There’s a common misconception that startups are riddled with semi-nerdy, 20-something white dudes who do nothing but sip Nitro Brews and walk around the open office showing off the hoodie they wore yesterday. It turns out that it’s extremely rare that startup offices resemble The Social Network.

However, the academic backdrop for the real social network story (AKA Harvard), produced statistics that will serve to put the aforementioned misconception to rest. According to the Harvard Business Review, the average age of people who founded the highest-growth startups is 45. Say what?! A full-fledged adult?!

In fact, aside from the age category of 60 and over, ages 29 and younger were the smallest group of founders that are responsible for heading the highest-growth startups. I guess you can accomplish a lot when you’re not riding around the office on a scooter all day.

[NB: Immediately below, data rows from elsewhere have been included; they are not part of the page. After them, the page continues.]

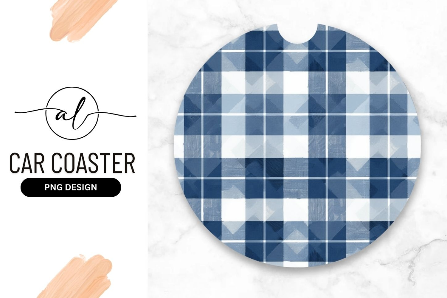 Blue plaid round car coaster png design example image 1
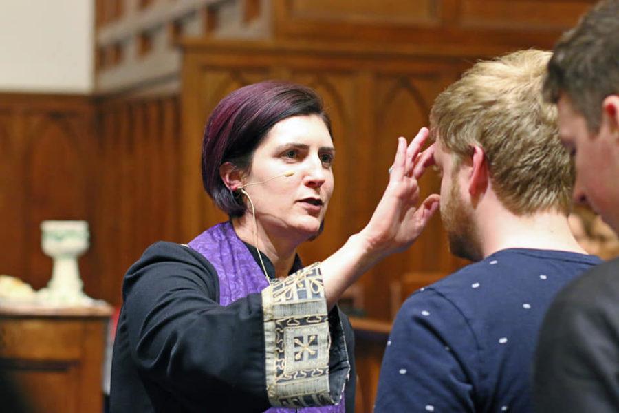 During the day, the Episcopal campus minister, Lutheran campus minister and I hosted “Ashes to Go” at the Free Expression Tunnel on one of the college campuses in Raleigh, North Carolina. Some were thrilled to see us; others murmured that we shouldn’t be there. One refused to take our photo when we asked; another thanked us profusely. My favorite stranger asked as she passed, “It’s what Wednesday?”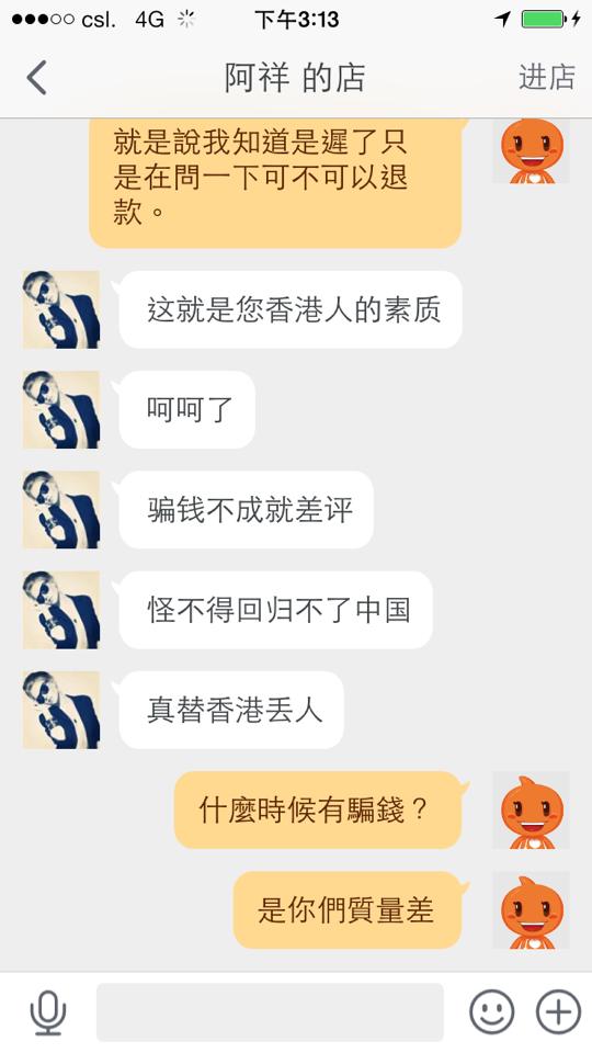 但其實嗰位網友當時根本未畀評價,係見個店主咁講嘢先嬲到畀差評囉!唔通個店主有預知能力嘅?!既然係咁,憤青店主話「怪不得回歸不了中國」,希望都會成真啦!

The study also found that older entrepreneurs are more likely to succeed. The probability of extreme startup success rises with age, at least until the late 50s. It was found that work experience plays an important role.

Many will argue, “Well, what about someone like Steve Jobs?” You could easily argue right back that it took Jobs until the age of 52 to create Apple’s most profitable product – the iPhone.

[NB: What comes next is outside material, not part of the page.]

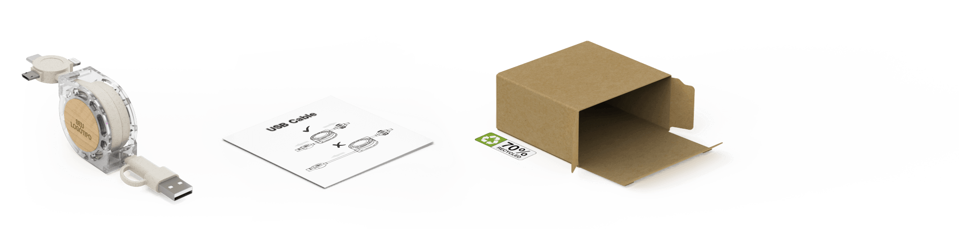 O cabo é fabricado a partir de bio-plástico de palha de trigo, oferecendo uma solução ecológica que se alinha com as práticas sustentáveis da sua marca. A área de impressão é feita de madeira certificada pelo FSC para continuar o tema da sustentabilidade. Preencha um Cotação rápida hoje para receber uma lista de preços personalizada e começar a personalizar os seus hubs Motion Wood!

The study continues to answer questions like, why do Venture Capitalist investors bet on young founders? This goes back to the misconception at the start, and there’s a notion that youth is the key for successful entrepreneurship. Wrong.

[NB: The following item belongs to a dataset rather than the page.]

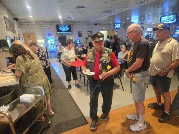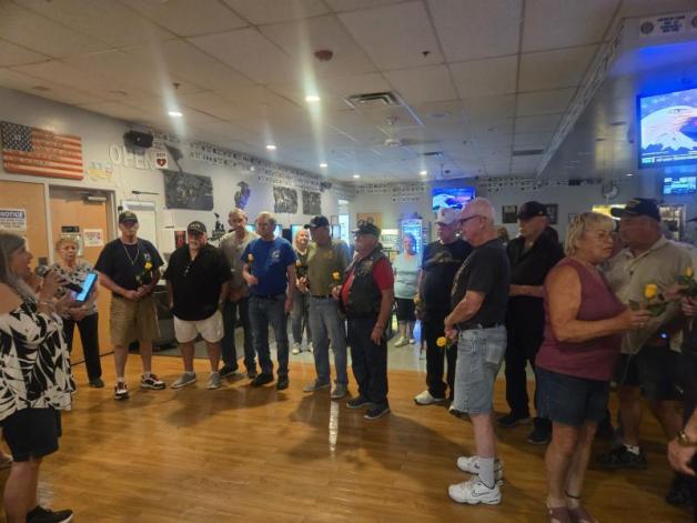 On March 25, John J. Morris Post 62 (Peoria, Ariz.) did a ceremony welcoming home our Vietnam veterans. They were never properly welcomed home from doing their job for our country. For the third straight year, the Auxiliary performed a ceremony for the Vietnam veterans welcoming them home. Following the 7:00 toast the Auxiliary presented roses to all the Vietnam veterans with flowers and then cake. The past Auxiliary president gave a welcome-home speech because our current Auxiliary president had knee surgery. All week you could hear the veterans talk about it - we have to be there Wednesday night for the ceremony - especially the Purple Heart veterans. We welcome them home and salute them for their patriotism!

There is also the idea that younger entrepreneurs are likely working with less financial options, so it may be common for them to take something from a VC at a lower price. As a result, they could be viewed as more of a bargain than older founders.

“The next step for researchers is to explore what exactly explains the advantage of middle-aged founders,” writes Pierre Azoulay, et al. “For example, is it due to greater access to financial resources, deeper social networks, or certain forms of experience? In the meantime, it appears that advancing age is a powerful feature, not a bug, for starting the most successful firms.”